Tschandala (old German transcription of chandala) is a term Friedrich Nietzsche borrowed from the Indian caste system, where a chandala is a member of the lowest social class. Nietzsche's interpretation and use of the term relied on a translation of Manusmriti by Max Müller.
Nietzsche uses the term "Tschandala" in the Götzen-Dämmerung (Twilight of the Idols)[1] and Der Antichrist (The Antichrist).[2] Here he uses the "law of Manu" with its caste system as an example of one kind of morality, of "breeding", as opposed to the Christian version of morality which attempts to "tame" man.
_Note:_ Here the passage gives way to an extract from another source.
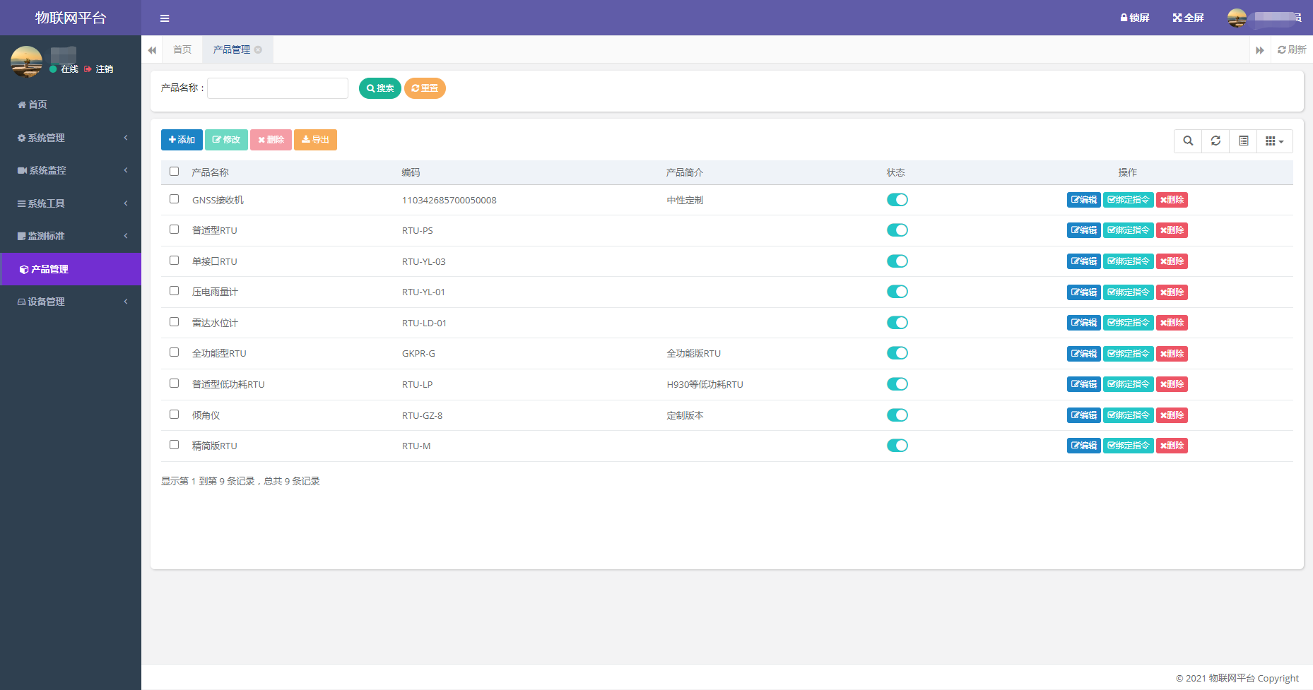集成我公司所有自动化监测产品管理,不同产品对应接入协议、操作指令所有区别

At first, Nietzsche describes methods of Christian attempts to "improve" humanity. As a metaphor, he uses a trained beast in a menagerie which is said to be "improved", but which in reality has lost vitality and is only weakened. In just such a way, Nietzsche says, has Christianity "tamed" the Teutonic races.
The law of Manu, on the other hand, tries to organize social groups by creating four castes of people. Nietzsche deplores this type of morality, that of the "breeder", just as he does the (Christian) "animal tamer", as he is opposed to all "morality". However, he much prefers it to the Christian "slave-morality". In his view, the humiliating and oppressive edicts against the Tschandala are a defensive means of keeping the castes pure:
Yet this organization too found it necessary to be terrible—this time not in the struggle with beasts, but with their counter-concept, the unbred man, the mishmash man, the chandala. And again it had no other means for keeping him from being dangerous, for making him weak, than to make him sick—it was the fight with the "great number."[3]
According to Nietzsche, Christianity is a product of Judaism, the "Tschandala-religion". By this he means that Judaism and Christianity after it are the morality born of the hatred of the oppressed (like the Tschandala) for their oppressors:
Christianity, sprung from Jewish roots and comprehensible only as a growth on this soil, represents the counter-movement to any morality of breeding, of race, privilege:—it is the anti-Aryan religion par excellence. Christianity, the revaluation of all Aryan values, the victory of chandala values, the gospel preached to the poor and base, the general revolt of all the downtrodden, the wretched, the failures, the less favored, against "race": the undying chandala hatred as the religion of love...
In The Antichrist, Nietzsche again cites the law of Manu, and favors it in a relative sense to the morality of Judeo-Christianity. Nietzsche describes the "most spiritual" and "strongest" men who can say "yes" to everything, even the existence of the Tschandalas; and opposed to this is the envious and revengeful spirit of the Tschandalas themselves (cf. master–slave morality). Nietzsche also uses the term Tschandala for some of his opponents, e.g. socialism.
Inspired by Nietzsche, August Strindberg wrote a novel called Tschandala in 1889.